5. Stitch one side of the felt to the two layers of folded flannel using a backstitch (not a running stitch as in basting). Keep the basting stitches in place on the other side. Install the half-done ink pad to see if it will fit or if the flannel needs to be adjusted.
At this point, I found that the thick felt made reinstalling the ink pad inconvenient. I had to force my small flannel “envelope” into the space and almost couldn’t get the metal anchoring bar into what little fabric peeked through. There are adjustments that I can make to subsequent inkpads to assist reinstallation, but I did get this to work as is.
It became obvious, though, that in spite of keeping my measurements correct, the new ink pad will be ever so slightly too short (this is because the felt is thicker than the original), so I will increase my flannel’s finished length to compensate.
6. Make any adjustments you deem necessary, stitch the last edge, then reassemble your mimeograph.
Sizing your ink pad
This tutorial was based on an original, unused Heyer Lettergraph 60 ink pad. In preparing to use my first stencil, however, I found that the original design’s measurements would not allow ink to fill a standard postcard-sized piece of paper to its edges (in the US, commercially available postcards are 4.25×5.5 inches in size – conveniently, this is one quarter of a standard letter sized piece of paper [8.5×11 inches]). The mimeograph body can accommodate that size, but for some reason the original ink pad is narrower than the mimeograph body.

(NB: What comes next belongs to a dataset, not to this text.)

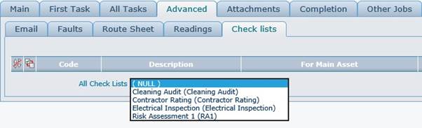 This flag is controlled by the system and will only complete when all mandatory items on the checklist have been completed. Mandatory items are marked with ‘*’. Dependant on the configuration of the checklist it may not possible to progress the work order to the next status in the work flow until the checklist has been completed.

My first stencil is going to be a template for Lettergraph 60 stencil headers – the card header that allows the stencil to be mounted on the duplicator:
You’ll notice that it’s wider than the 5.5 inches I have available to print on. By making the templates a quarter inch narrower, I’ll be able to print them on postcard stock. Unfortunately, because my ink pad is only 5 inches across, there’s half an inch of my stencil that won’t receive ink:
In order to achieve ink placement across the entirety of a postcard, I’m going to have to make a larger ink pad. I’ll keep the ones I’ve already made to use with color inks when they’ll only appear in the interior of postcard images. My new ink pad will be designed to fit 5.5 inches of the width of the mimeograph (out of a total width of 6 inches). Since I’ll be applying ink manually to the ink pad, it won’t matter that the perforated ink-flow-through section is significantly smaller than the ink pad.
Here are photos to show the Heyer’s original ink pad in relation to its metal mimeograph frame. These will help you get a sense of the relationship between the perforated ink flow-through section and the felt layer so that you can experiment and come up with your own ink pad pattern. The felt layer extends from edge to edge (top to bottom) along the face of the mimeograph but is narrower than the metal frame (left to right). The felt and flannel extend about a quarter inch beyond the ink flow-through section in the other direction but do not extend the full 6 inches all the way across.
As I’ve not yet tested this mimeograph, I can only offer my theory that a felt layer will be useful in cases when you don’t want to fill the ink reservoir, because it allows the ink pad to hold more ink than it would if it were just a single layer of flannel. Since I’ll be making my first prints with unthinned Riso ink, I’ll be applying ink directly to my ink pad.
- A double layer of flannel can be used if no felt is available or desired.
- If your flannel has an obvious “nap” (with one side fulled [fluffed] more than the other), the fluffier side should be up for paste ink. The smooth side should be up for liquid ink.